Does AI Erode Legal Reasoning? A UMN Law Study Finds That It Doesn’t For Certain Tasks, With Advice on Specific Use

Disclosure

I provided feedback on an earlier draft of this article and am thanked in the introduction. I will aim to be fair and candid.

The main concern of the paper (and what I gather to be a focus area for years to come) is the cognitive impact of using generative AI for legal tasks. This requires both short-term and long-term studies; the authors are careful to note that negative effects may appear in longer term use of AI, but that in this particular study, the group that used AI throughout outperformed the group that only had access at the end.

This particular study is a short-term, randomized controlled trial (RCT), such as you might see more frequently in medicine (indeed, one author speculated that the use of that term may have caused public access issues for the article initially on X/Twitter).

I did not personally know Daniel Schwarcz, one of the University of Minnesota Law Professors, prior to reaching out to provide feedback on this study. But I knew of him and have a high opinion of his earlier work on cybersecurity and law. For example, Schwarcz had co-authored an excellent paper, “How Privilege Undermines Cybersecurity,” published in the Harvard Journal of Law & Technology in Spring 2023, which my group in the Dept. of Homeland Security’s Public-Private Analytic Exchange Program (AEP) read and cited in our work on Ransomware Attacks on Critical Infrastructure.

Study Design

University of Minnesota Law School professors Nick Bednar, David Cleveland, Allan Erbsen, and Daniel Schwarcz ran a randomized controlled trial involving approximately 100 2L and 3L students. The study was published April 5, 2026 on SSRN: Artificial Intelligence and Human Legal Reasoning. Strictly speaking, the comparison was not an “AI v. Not AI” group as much as an “AI from the outset” group v. an “AI as a final editor only” group.

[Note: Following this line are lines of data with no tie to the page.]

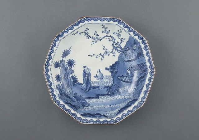 【Lot0481】 古伊万里染付人物文十角面取鉢
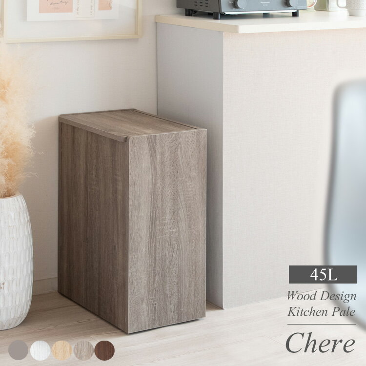 【北海道、沖縄県、離島への配送は別途配送料が必要となります。見積り致しますのでご注文前にメールにてご確認お願い致します】 毎日使うキッチンだから見た目もこだわりたい。そんな方にピッタリの木製キッチンペール『Chere(シェール)』。 ゴミ箱だと分かりにくいスタイリッシュなデザインでキッチンに馴染みます。たっぷり入る45Lで、ニオイ漏れを防ぐフタや移動がラクにできる隠しキャスター付きで利便性も抜群。 横置き・縦置きどちらも可能で奥行き26.5cmと省スペースなのでキッチンやカウンターの隙間に置けます。場所を選ばないデザインでデスクや寝室にも最適。 お部屋に馴染みやすい木目柄のホワイト、ナチュラル、グレージュ、ブラウン、高級感のある大理石柄ホワイト、可愛い無地のモカの6カラーをご用意。お好みでお選びください。 商品名キッチンペール Chere(シェール) サイズ幅45×奥行き26.5×高さ61cm(オープン時高さ:84cm) 材質合成樹脂化粧パーティクルボード(塩化ビニル) 備考組立式(約30分)、対応ポリ袋:45L 検索キーワード:ゴミ箱 45リットル 消臭 分別 おしゃれ 黒 ふた付き スリム パッキン ふたなし プッシュ キャスター スリムペダル ふた付き ふた付きスリム 防臭 ふた付き25l 幅20 スライド 45l 30 ミニ 木目 木目20リットル 木目調 プッシュ式 プッシュ くず箱 ごみ箱 プッシュ 木製 お洒落 おしゃれ オシャレ 大容量 扉式 インテリア 密閉 臭い漏れ 臭くない プッシュ式 開閉
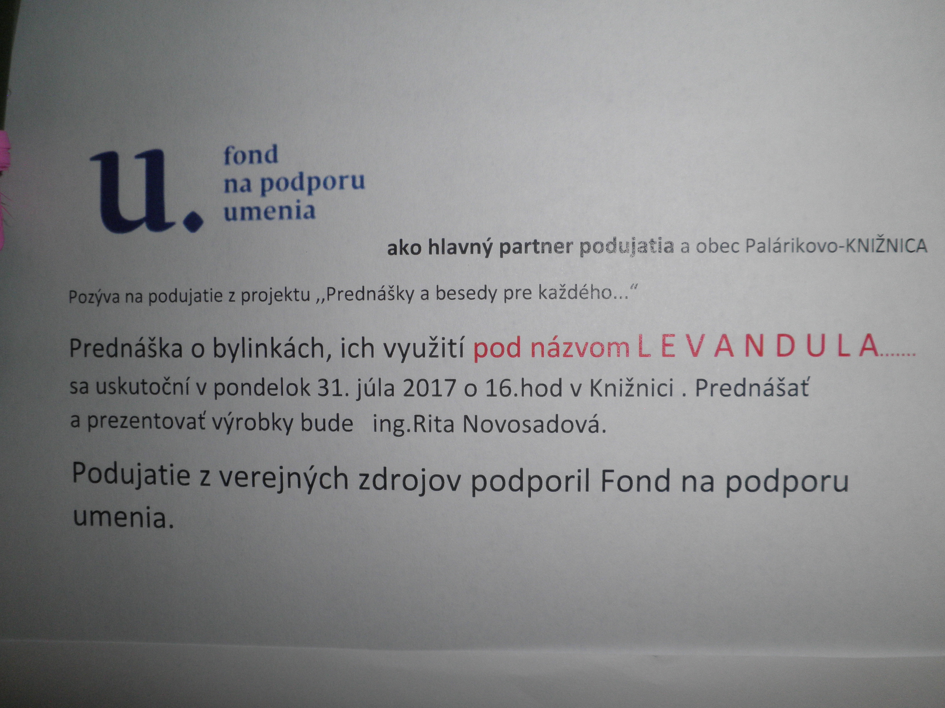 Fond na podporu umenia ako hlavný partner podujatia a obec Palárikovo-KNIŽNICA pozýva na podujatie z projektu,,Prednášky a besedy pre každého...!Prednáška o bylinkách, ich využití pod názvom LEVANDULA... sa uskutoční v pondelok 31. júla o 16. hod v Knižnici. Prednášať a prezentovať výrobky bude ing. Rita Novosadová- známa aj z televíznej obrazovky. Podujatie z verejných zdrojov podporil Fond na podporu umenia.
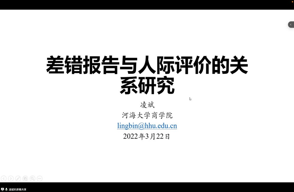 2022年3月22日,永利yl23411举办的俊秀青年学术俱乐部系列讲座如期举行。河海大学商公司凌斌副教授应邀以“差错报告与人际评价的关系研究”为主题,通过腾讯会议的方式与所有参会者交流互动。本次讲座由永利yl23411的段锦云教授主持。约五十位对此研究感兴趣的老师和同学们参与了本次讲座。
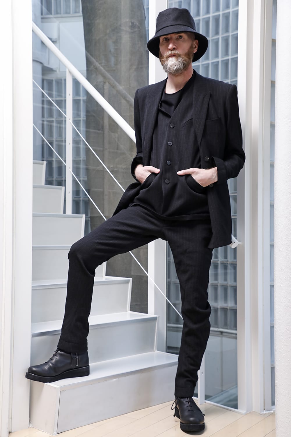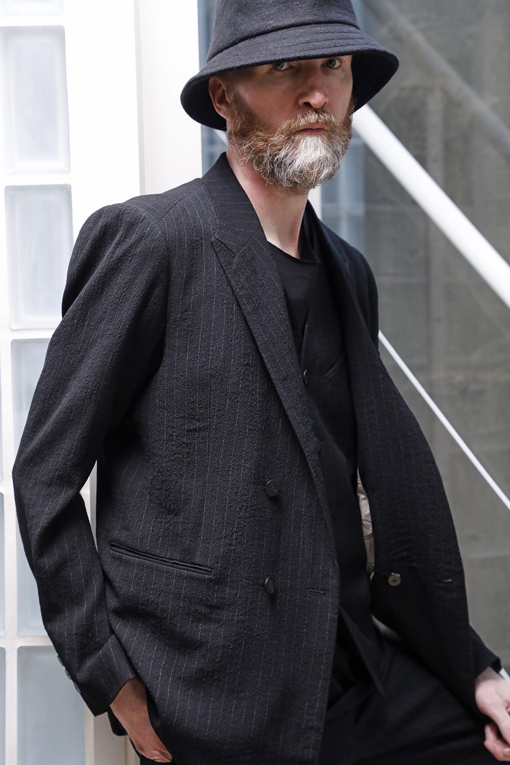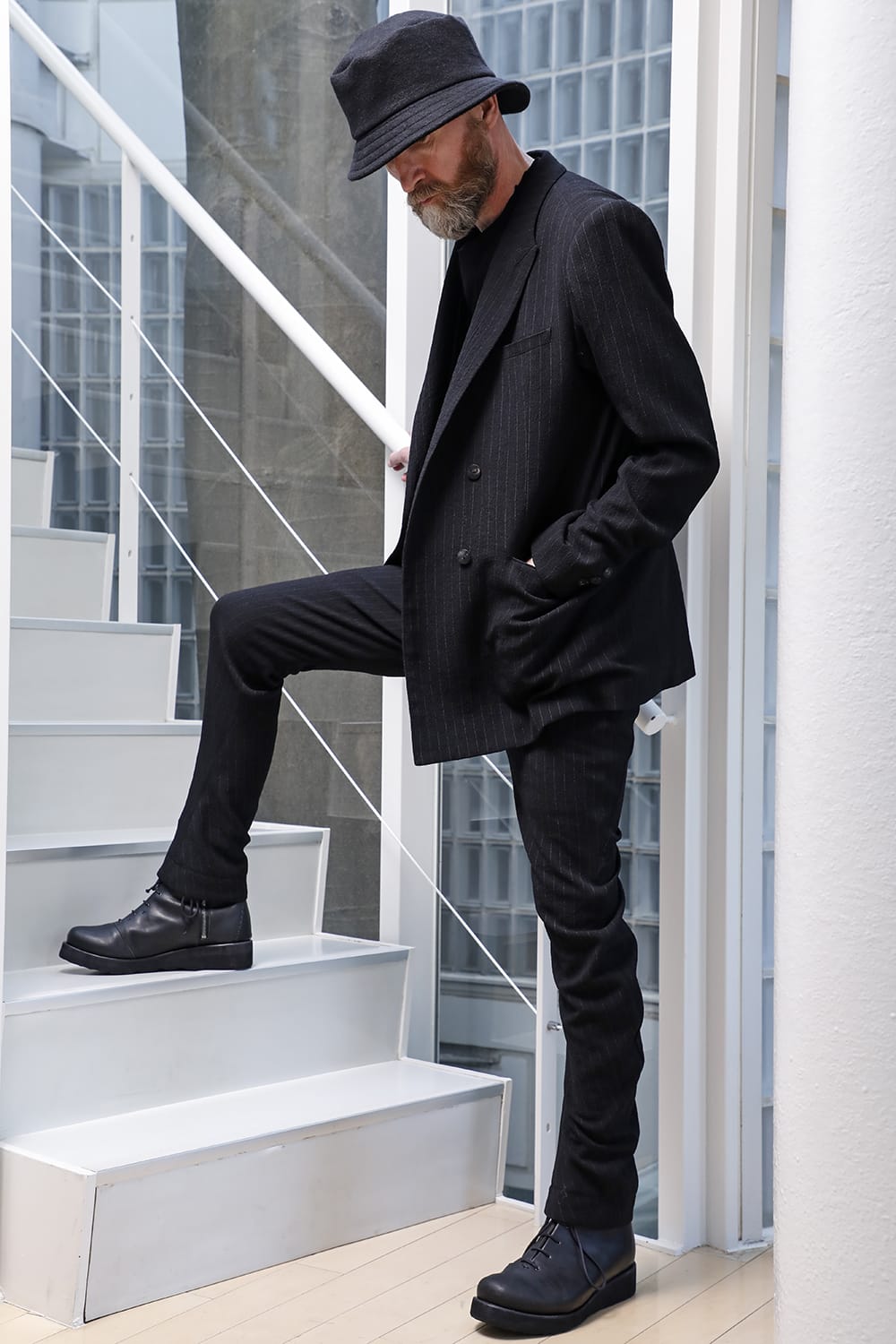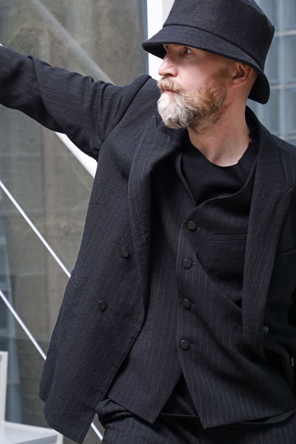 デザインはDEVOA定番のクラシックなテーラードジャケットをベースに、ピークドラペルで制作。

This experiment used Google’s Gemini 2.5 Pro; I will discuss this specifically in a later section; this experiment is relevant, even for attorneys not using Gemini directly, because Gemini is the LLM behind Google AI Overviews and it is a popular API model in legal AI tools (e.g., Westlaw’s CoCounsel based on references to “Thomson Reuters AI third-party partners, such as OpenAI and Google…”).

Participants completed four sequential tasks:

Synthesis Task (AI for AI group):

The synthesis task was designed to test whether using AI can help lawyers synthesize legal sources addressing unfamiliar subjects. We cast each participant in the role of a law firm associate who received an email from a partner asking them to summarize a legal rule based exclusively on five supplied sources. The partner explained that: “Your memo should outline the elements of the rule and any exceptions, providing a framework for how a court would approach the legal question. In other words, don’t merely summarize the sources; synthesize them into a summary of the rule that indicates how the elements fit together.”60 Participants had up to 75 minutes to read the packet and complete the memo.61 The control group was instructed not to use AI for this task, while the AI-exposed group was instructed to use Gemini 2.5 Pro62 “to assist you in writing the assignment.”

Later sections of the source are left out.